Extract all lines that hold "Baidu" from the records below.
[[ SUPPLIED MATERIAL, beginning ]]
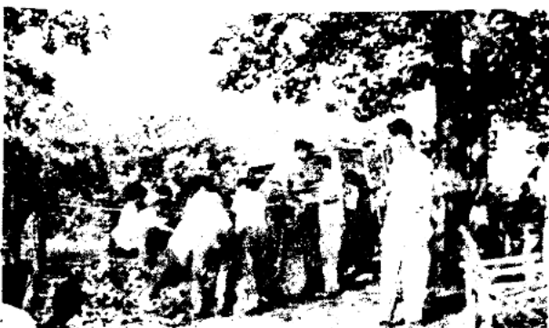
Chinese families outdoor picnic
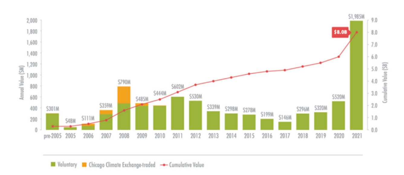
Figure 5: Size of the VCM by traded value of voluntary carbon offsets, pre-2005 to 31 December 2021<sup>6</sup>
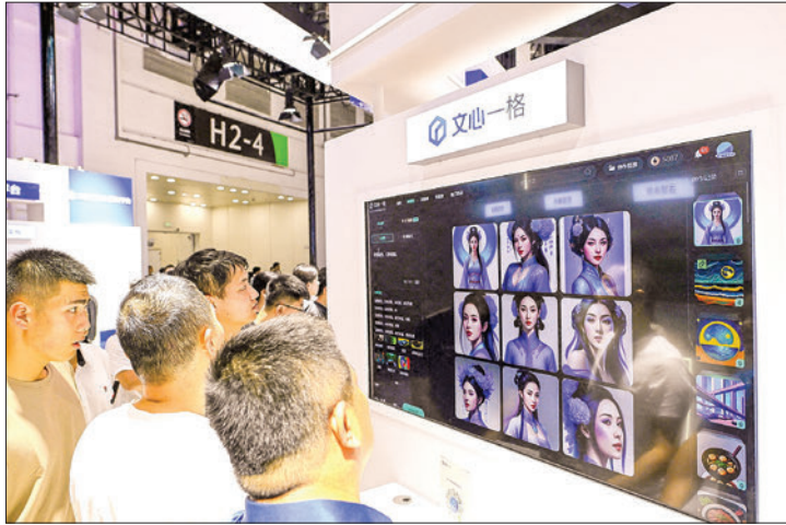
People examine an AI product of Baidu during the World Artificial Intelligence Conference (WAIC) in Shanghai on 6 July 2023.

CHINESE internet giant Baidu unveiled the newest version of its AI chatbot ERNIE on Tuesday, claiming it rivals the capabilities of OpenAI's latest ChatGPT.
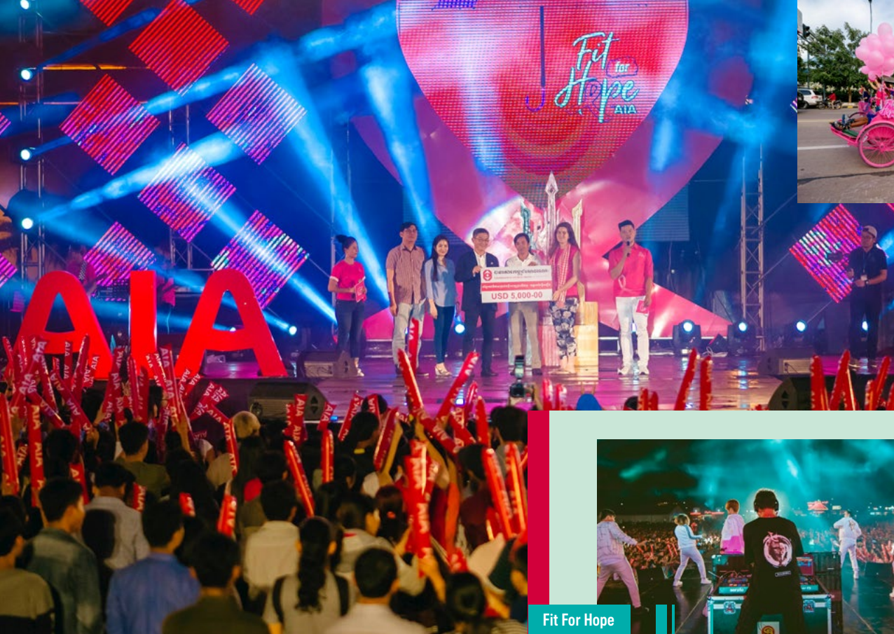
Fit For Hope
[[ SUPPLIED MATERIAL, end ]]
▸ **RESULT**
People examine an AI product of Baidu during the World Artificial Intelligence Conference (WAIC) in Shanghai on 6 July 2023.
CHINESE internet giant Baidu unveiled the newest version of its AI chatbot ERNIE on Tuesday, claiming it rivals the capabilities of OpenAI's latest ChatGPT.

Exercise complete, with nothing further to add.